> **Activity**:
Produce an exact copy of all the data below, dropping every image.

> **Information supplied**:

* * * * * * * * *

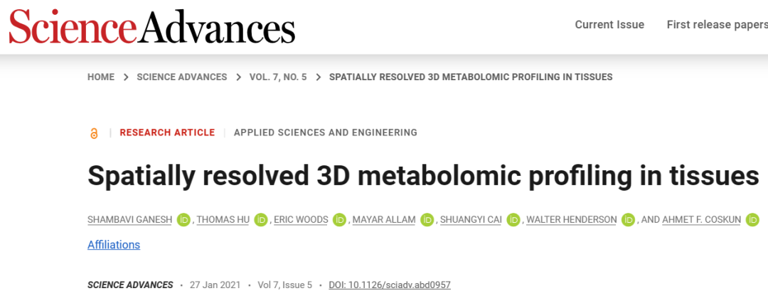 这项研究以 Coskun 团队开发的一项技术为基础,该技术在2021年发表于 Science Advances 的文章 “Spatially resolved 3D metabolomic profiling in tissues” 中进行了描述。在那篇文章中,该团队介绍了一种测量代谢物和蛋白质活性的技术,作为人体组织样本综合剖析的一部分。
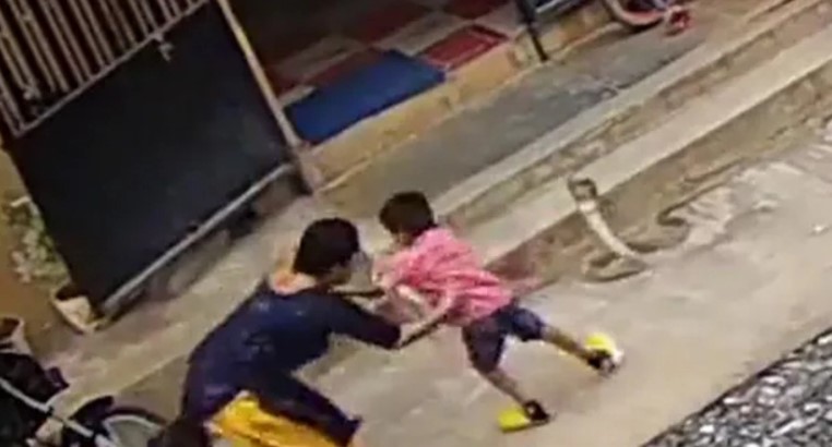 ঝুঁকি নিয়ে সাপের দংশন থেকে সন্তানকে বাঁচালেন মা
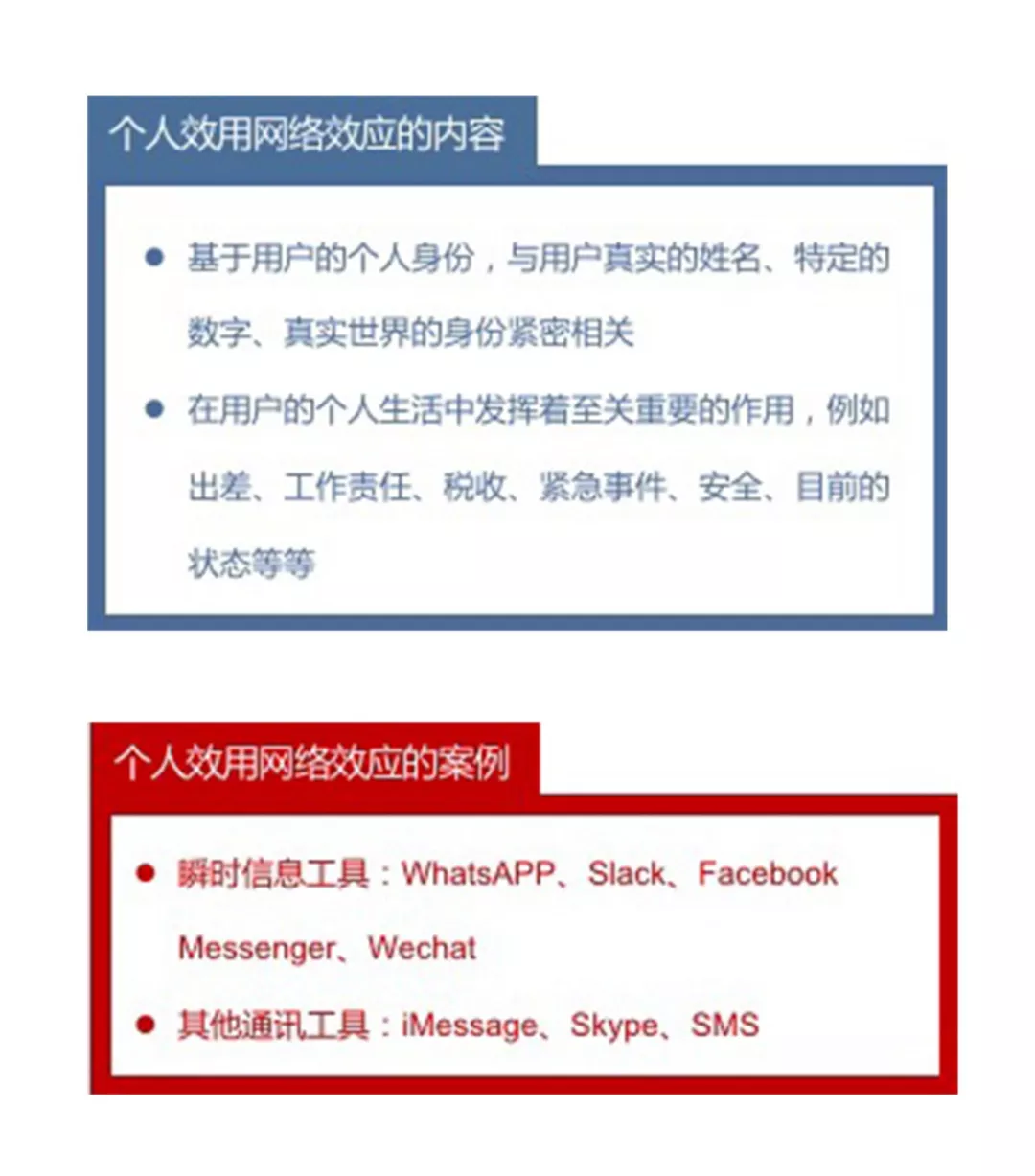 个人效用网络有两个显著的特点。首先,用户的个人身份与所使用的的网络之间存在紧密的联系,通常网络中的用户名与他们的真实姓名相关联,就像Facebook Messenger一样;其次,个人效用网络对用户日常的个人或职业生活至关重要。

* * * * * * * * *

> **Task output**:
 这项研究以 Coskun 团队开发的一项技术为基础,该技术在2021年发表于 Science Advances 的文章 “Spatially resolved 3D metabolomic profiling in tissues” 中进行了描述。在那篇文章中,该团队介绍了一种测量代谢物和蛋白质活性的技术,作为人体组织样本综合剖析的一部分。
 ঝুঁকি নিয়ে সাপের দংশন থেকে সন্তানকে বাঁচালেন মা
 个人效用网络有两个显著的特点。首先,用户的个人身份与所使用的的网络之间存在紧密的联系,通常网络中的用户名与他们的真实姓名相关联,就像Facebook Messenger一样;其次,个人效用网络对用户日常的个人或职业生活至关重要。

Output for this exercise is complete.